▸ WHAT YOU HAVE TO DO: Only a number is wanted here: how many lines in the records below contain the string "príjemný".

▸ DATA TO PROCESS:

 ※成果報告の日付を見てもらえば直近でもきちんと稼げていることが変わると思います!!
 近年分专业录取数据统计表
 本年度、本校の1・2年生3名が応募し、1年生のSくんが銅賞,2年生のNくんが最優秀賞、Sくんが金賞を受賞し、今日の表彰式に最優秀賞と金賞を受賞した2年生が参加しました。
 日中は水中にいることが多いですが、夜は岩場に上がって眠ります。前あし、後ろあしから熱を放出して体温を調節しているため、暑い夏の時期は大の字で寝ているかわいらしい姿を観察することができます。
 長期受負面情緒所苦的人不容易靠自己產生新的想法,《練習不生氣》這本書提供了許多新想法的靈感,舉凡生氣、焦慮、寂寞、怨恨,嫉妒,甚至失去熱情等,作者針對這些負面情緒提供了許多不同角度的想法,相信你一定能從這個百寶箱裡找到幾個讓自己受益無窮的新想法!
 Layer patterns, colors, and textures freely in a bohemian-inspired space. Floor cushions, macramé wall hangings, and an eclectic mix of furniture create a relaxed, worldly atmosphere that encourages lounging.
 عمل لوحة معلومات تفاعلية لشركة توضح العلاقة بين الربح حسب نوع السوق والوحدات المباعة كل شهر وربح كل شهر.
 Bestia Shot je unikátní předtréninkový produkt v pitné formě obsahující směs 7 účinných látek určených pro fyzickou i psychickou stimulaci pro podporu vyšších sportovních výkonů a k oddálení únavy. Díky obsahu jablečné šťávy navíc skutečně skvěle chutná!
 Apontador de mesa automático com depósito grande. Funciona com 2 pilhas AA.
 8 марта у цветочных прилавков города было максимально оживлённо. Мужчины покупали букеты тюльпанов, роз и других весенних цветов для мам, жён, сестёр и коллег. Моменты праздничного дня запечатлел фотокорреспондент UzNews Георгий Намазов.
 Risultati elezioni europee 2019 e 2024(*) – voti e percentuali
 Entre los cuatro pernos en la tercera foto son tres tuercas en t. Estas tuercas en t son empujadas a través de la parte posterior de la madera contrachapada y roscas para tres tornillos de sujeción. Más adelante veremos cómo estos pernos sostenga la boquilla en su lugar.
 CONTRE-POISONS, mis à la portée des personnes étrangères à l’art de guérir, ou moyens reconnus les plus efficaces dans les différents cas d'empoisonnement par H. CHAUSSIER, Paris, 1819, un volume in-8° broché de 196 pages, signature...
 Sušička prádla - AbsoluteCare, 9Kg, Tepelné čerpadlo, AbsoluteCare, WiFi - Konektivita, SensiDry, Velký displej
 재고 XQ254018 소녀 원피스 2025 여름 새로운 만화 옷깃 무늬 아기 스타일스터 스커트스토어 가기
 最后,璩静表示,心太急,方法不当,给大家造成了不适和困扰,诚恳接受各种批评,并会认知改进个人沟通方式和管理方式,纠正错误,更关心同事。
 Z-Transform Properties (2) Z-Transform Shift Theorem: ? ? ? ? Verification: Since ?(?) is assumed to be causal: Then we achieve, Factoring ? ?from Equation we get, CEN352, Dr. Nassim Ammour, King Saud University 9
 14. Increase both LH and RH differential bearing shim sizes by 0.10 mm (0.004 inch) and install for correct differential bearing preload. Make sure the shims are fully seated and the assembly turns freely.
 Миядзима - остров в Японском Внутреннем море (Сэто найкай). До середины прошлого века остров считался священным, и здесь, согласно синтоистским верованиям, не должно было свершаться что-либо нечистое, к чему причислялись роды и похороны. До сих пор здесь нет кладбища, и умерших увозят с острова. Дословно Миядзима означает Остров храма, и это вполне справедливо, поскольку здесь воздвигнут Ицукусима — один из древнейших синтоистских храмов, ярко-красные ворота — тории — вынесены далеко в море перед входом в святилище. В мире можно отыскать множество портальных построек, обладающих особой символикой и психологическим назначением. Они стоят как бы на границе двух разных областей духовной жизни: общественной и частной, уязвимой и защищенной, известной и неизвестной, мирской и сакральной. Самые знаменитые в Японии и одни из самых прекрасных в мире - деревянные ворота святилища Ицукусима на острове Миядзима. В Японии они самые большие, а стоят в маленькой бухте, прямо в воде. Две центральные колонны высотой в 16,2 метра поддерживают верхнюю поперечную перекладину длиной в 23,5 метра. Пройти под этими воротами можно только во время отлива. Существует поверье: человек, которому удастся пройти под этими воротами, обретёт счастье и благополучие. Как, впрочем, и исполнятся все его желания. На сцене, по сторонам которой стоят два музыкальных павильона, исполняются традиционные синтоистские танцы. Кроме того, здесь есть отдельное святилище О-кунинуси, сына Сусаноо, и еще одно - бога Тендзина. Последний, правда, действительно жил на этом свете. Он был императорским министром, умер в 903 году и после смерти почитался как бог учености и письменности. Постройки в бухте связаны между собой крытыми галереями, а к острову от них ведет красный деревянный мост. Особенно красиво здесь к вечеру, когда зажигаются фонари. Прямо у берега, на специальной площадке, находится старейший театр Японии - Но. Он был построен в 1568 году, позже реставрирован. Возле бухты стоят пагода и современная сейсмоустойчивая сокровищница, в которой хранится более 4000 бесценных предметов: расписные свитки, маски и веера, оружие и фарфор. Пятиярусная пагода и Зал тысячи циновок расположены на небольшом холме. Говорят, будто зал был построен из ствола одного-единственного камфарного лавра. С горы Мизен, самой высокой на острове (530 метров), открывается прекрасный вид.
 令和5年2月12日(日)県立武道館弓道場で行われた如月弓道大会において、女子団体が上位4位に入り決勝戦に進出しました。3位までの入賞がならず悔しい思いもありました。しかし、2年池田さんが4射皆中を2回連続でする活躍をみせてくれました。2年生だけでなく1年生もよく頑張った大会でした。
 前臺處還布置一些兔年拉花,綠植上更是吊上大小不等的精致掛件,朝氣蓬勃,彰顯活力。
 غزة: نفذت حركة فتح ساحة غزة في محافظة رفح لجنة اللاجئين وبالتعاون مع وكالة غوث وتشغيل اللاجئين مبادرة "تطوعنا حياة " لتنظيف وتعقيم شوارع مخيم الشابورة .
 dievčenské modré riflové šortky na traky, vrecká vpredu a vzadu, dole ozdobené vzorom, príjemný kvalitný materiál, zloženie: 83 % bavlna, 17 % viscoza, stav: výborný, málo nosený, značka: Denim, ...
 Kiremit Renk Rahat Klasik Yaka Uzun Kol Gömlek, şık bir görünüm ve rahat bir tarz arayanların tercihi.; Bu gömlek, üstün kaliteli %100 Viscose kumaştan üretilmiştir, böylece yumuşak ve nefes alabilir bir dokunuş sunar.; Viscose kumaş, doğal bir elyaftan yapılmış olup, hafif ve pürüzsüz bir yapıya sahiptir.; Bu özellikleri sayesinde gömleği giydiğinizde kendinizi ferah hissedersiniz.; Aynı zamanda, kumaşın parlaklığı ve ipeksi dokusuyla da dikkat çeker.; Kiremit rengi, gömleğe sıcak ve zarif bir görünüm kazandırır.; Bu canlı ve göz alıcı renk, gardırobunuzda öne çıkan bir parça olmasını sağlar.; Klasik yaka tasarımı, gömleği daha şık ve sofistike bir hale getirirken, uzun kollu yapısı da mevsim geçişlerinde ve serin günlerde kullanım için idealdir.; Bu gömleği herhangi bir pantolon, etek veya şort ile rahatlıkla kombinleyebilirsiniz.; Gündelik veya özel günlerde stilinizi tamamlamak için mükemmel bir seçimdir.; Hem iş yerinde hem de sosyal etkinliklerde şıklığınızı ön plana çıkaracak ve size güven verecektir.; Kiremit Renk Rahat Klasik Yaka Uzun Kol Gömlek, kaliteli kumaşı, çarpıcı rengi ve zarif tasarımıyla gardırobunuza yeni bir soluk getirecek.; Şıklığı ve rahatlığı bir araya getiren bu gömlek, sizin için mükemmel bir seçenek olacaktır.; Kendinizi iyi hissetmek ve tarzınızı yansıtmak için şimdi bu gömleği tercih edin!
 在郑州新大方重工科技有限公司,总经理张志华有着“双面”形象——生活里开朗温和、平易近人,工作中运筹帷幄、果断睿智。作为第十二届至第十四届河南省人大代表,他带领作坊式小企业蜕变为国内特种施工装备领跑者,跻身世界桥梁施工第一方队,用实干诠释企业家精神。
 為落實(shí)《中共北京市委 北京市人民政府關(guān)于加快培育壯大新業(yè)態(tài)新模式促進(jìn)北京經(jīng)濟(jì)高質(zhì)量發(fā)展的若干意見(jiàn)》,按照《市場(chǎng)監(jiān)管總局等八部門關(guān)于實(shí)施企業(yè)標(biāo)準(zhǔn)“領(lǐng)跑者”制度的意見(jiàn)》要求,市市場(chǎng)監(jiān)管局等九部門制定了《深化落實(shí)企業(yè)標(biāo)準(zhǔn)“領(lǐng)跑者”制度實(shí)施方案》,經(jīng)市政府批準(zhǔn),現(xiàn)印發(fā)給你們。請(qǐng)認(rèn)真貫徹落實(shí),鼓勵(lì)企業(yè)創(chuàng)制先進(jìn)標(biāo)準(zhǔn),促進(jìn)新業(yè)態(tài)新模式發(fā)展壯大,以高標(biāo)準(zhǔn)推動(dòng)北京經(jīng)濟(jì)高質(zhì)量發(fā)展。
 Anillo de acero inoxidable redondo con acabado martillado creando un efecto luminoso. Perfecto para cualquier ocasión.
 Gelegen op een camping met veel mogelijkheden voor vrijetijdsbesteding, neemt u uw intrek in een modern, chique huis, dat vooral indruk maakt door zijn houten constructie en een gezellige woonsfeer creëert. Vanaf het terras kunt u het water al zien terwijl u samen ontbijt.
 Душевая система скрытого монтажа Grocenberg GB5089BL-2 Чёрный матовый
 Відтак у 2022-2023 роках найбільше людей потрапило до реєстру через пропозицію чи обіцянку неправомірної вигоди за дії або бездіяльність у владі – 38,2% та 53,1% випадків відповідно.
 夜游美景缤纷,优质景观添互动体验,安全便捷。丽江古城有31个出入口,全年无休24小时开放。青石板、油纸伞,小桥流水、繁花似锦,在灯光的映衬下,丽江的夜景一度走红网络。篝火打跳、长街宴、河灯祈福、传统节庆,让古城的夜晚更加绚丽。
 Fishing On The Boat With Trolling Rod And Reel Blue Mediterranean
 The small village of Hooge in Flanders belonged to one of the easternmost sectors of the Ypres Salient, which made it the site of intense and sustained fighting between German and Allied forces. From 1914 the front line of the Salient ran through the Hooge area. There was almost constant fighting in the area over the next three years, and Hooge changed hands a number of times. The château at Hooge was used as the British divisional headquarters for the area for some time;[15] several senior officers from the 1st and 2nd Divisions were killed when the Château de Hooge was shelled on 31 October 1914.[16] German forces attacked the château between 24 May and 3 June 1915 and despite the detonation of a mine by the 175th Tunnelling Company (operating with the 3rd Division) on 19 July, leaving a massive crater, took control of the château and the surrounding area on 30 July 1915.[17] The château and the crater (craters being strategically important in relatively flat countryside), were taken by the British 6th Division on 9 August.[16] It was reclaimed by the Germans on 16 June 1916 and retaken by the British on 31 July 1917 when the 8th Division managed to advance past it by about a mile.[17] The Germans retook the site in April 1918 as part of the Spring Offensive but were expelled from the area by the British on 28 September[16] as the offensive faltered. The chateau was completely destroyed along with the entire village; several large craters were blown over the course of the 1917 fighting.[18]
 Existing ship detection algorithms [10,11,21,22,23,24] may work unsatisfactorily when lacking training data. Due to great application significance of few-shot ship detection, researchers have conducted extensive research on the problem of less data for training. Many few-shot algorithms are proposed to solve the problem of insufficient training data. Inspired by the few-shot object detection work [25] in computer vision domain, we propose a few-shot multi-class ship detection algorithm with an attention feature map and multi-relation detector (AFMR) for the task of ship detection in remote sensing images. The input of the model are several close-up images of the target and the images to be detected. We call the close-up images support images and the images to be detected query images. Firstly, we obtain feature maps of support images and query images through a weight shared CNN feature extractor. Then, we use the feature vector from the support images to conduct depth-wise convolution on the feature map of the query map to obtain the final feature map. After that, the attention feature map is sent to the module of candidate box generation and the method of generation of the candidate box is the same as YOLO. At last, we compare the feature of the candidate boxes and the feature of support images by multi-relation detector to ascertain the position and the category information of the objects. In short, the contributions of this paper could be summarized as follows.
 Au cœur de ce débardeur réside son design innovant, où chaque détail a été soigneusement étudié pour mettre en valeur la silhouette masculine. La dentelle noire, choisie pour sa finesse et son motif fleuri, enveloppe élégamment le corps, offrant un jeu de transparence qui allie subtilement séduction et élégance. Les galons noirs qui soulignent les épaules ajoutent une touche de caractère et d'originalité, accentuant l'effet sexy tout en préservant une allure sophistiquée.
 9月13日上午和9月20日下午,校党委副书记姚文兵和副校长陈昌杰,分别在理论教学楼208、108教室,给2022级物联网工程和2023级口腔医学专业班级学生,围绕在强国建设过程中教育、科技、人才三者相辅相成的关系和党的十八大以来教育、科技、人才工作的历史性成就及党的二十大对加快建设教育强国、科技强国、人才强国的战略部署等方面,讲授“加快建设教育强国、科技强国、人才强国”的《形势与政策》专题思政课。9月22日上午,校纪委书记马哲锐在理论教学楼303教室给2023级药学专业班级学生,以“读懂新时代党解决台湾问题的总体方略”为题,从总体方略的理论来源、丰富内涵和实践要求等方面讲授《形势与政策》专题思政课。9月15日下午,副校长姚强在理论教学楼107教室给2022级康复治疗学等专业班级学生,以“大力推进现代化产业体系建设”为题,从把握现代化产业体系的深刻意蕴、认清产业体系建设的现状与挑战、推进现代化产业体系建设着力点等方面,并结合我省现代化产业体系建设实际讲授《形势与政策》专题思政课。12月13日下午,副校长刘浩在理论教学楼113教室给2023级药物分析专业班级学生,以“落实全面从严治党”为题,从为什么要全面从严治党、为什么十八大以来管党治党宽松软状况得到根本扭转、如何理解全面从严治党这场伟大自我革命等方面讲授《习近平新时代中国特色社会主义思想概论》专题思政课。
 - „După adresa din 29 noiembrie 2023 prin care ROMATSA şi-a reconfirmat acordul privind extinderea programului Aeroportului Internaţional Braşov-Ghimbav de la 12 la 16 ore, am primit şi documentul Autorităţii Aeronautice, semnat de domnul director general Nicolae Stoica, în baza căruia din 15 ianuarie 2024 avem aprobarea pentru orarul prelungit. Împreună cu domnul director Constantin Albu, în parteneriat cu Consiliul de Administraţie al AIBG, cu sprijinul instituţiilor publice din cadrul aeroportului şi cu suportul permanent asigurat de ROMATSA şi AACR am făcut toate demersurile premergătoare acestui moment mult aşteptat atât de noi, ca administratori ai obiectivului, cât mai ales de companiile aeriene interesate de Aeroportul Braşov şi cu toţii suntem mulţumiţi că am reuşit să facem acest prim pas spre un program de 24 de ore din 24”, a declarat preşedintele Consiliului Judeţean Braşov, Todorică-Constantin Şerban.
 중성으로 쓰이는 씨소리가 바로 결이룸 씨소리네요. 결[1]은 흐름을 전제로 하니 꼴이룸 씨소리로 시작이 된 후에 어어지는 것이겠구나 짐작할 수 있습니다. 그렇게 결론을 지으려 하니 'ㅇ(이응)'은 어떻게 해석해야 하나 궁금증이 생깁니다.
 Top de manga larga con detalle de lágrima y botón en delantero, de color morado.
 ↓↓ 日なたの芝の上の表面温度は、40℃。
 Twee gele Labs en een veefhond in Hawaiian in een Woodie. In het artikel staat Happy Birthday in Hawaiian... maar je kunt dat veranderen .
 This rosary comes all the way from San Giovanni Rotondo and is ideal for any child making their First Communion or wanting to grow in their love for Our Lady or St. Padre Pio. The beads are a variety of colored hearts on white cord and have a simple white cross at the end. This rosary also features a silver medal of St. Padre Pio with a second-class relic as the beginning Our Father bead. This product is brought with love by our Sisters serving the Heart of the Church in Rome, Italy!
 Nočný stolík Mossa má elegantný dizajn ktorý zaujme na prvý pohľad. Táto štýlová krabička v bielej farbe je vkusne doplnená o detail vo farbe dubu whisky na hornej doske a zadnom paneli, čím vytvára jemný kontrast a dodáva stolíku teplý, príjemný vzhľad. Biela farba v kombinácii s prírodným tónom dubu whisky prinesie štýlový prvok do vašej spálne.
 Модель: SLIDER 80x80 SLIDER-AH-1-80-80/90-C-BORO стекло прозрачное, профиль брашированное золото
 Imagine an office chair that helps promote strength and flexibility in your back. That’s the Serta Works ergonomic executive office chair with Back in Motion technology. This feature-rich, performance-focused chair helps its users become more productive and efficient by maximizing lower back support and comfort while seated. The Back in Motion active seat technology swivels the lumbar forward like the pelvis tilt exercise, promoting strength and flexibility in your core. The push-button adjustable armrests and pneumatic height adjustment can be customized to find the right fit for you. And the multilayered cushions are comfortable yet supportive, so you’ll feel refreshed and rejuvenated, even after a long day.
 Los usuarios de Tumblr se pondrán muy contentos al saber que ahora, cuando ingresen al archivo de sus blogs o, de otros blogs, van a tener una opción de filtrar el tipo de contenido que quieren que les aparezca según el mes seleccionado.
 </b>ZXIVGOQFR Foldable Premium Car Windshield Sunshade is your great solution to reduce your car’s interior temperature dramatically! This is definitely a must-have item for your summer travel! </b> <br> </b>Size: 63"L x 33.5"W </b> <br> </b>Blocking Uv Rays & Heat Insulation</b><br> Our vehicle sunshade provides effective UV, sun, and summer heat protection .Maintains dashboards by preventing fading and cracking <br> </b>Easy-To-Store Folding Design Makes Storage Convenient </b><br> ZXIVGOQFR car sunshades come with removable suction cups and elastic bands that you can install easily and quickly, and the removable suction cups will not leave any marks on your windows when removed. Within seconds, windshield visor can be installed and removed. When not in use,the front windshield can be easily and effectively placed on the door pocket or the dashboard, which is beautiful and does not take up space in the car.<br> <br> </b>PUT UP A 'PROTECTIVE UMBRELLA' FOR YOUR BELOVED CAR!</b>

▸ ANSWER AREA: 2